▶ [ACTIVITY]:
This exercise asks for an exact copy of the lines from the one containing "결국 31일 대전 한화생명볼파크에서" through the final line of the material, with pictures omitted.

▶ [SOURCE MATERIAL]:
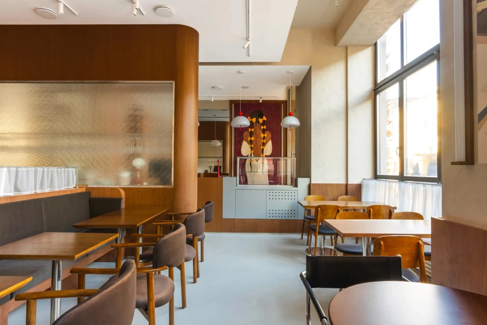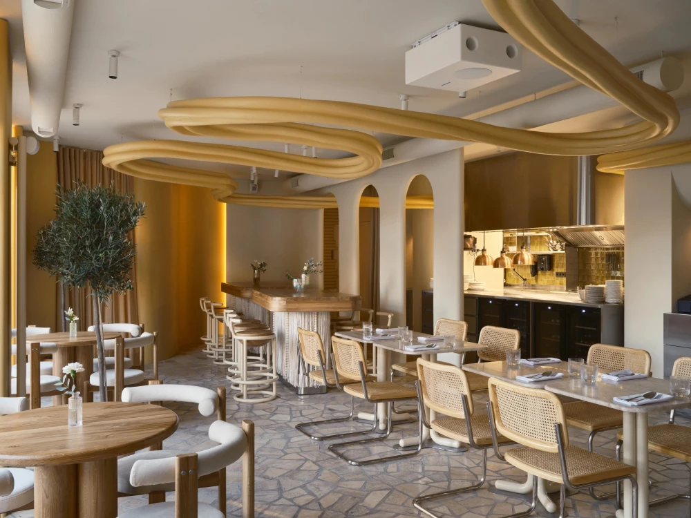 Студия Line Design создала интерьер современной остерии Tutto в Калининграде. Любовь к Италии стала движущей силой проекта и определила дизайн интерьера, в котором запечатлен образ главного блюда итальянской кухни — пасты. «Интерьер наполнен атмосферой итальянской страсти к еде и гостеприимству, — говорят авторы проекта. — Именно поэтому концепция олицетворяет пластичность — главное свойство, характеризующее пасту. Этот мотив буквально пронизывает все пространство: плавные изгибы стен, отсутствие прямых углов, мягкие формы в мебели и многообразие декоративных форм, напоминающих о гибкости продукта. Мы настолько сильно прониклись идеей пластичности, что воссоздали макаронину в гипертрофированной форме! Эта декоративная инсталляция, извиваясь сквозь открытую кухню, проходит через все пространство зала, создавая визуальный и концептуальный диалог между кухней и гостями». В проекте активно применяется натуральное дерево, а пол выложен из битых кусочков травертина, из которого также были выполнены столешницы столов и раковина в зоне санузла. Керамическая плитка на открытой кухне имеет оливковый оттенок и выступает как яркий акцент, напоминая о зелени итальянской природы. Живые оливковые деревья в кадках привносят ее частицу в интерьер в буквальном смысле.
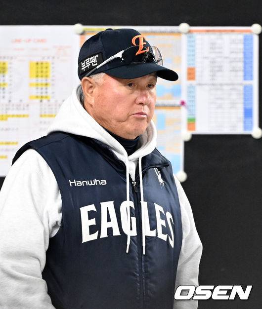 결국 31일 대전 한화생명볼파크에서 열린 5차전도 LG에 1-4로 패하면서 한화는 시리즈 전적 1승4패로 우승이 좌절됐다. 최고 시속 150km로 구속이 뚝 떨어진 문동주를 1이닝 만에 교체하며 불펜을 가동했지만 타선이 터지지 않았다. 1-2로 뒤진 3회 무사 1,2루에서 팀 내 최고 타자 문현빈에게 보내기 번트 사인을 냈지만 4구째 번트 파울이 나오면서 불리한 카운트에 몰렸고, 7구까지 승부를 이어갔지만 2루 땅볼로 4-6-4 병살타를 치면서 흐름이 끊겼다. 1점차이긴 했지만 지고 있는 상황에서 타격감 좋은 타자에게 보내기 번트 사인을 냈다 낭패를 봤다.
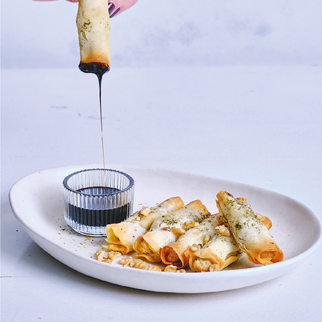 -Rollito de masa filo con peras, queso azul y nueces

▶ [TASK OUTPUT]:
 결국 31일 대전 한화생명볼파크에서 열린 5차전도 LG에 1-4로 패하면서 한화는 시리즈 전적 1승4패로 우승이 좌절됐다. 최고 시속 150km로 구속이 뚝 떨어진 문동주를 1이닝 만에 교체하며 불펜을 가동했지만 타선이 터지지 않았다. 1-2로 뒤진 3회 무사 1,2루에서 팀 내 최고 타자 문현빈에게 보내기 번트 사인을 냈지만 4구째 번트 파울이 나오면서 불리한 카운트에 몰렸고, 7구까지 승부를 이어갔지만 2루 땅볼로 4-6-4 병살타를 치면서 흐름이 끊겼다. 1점차이긴 했지만 지고 있는 상황에서 타격감 좋은 타자에게 보내기 번트 사인을 냈다 낭패를 봤다.
 -Rollito de masa filo con peras, queso azul y nueces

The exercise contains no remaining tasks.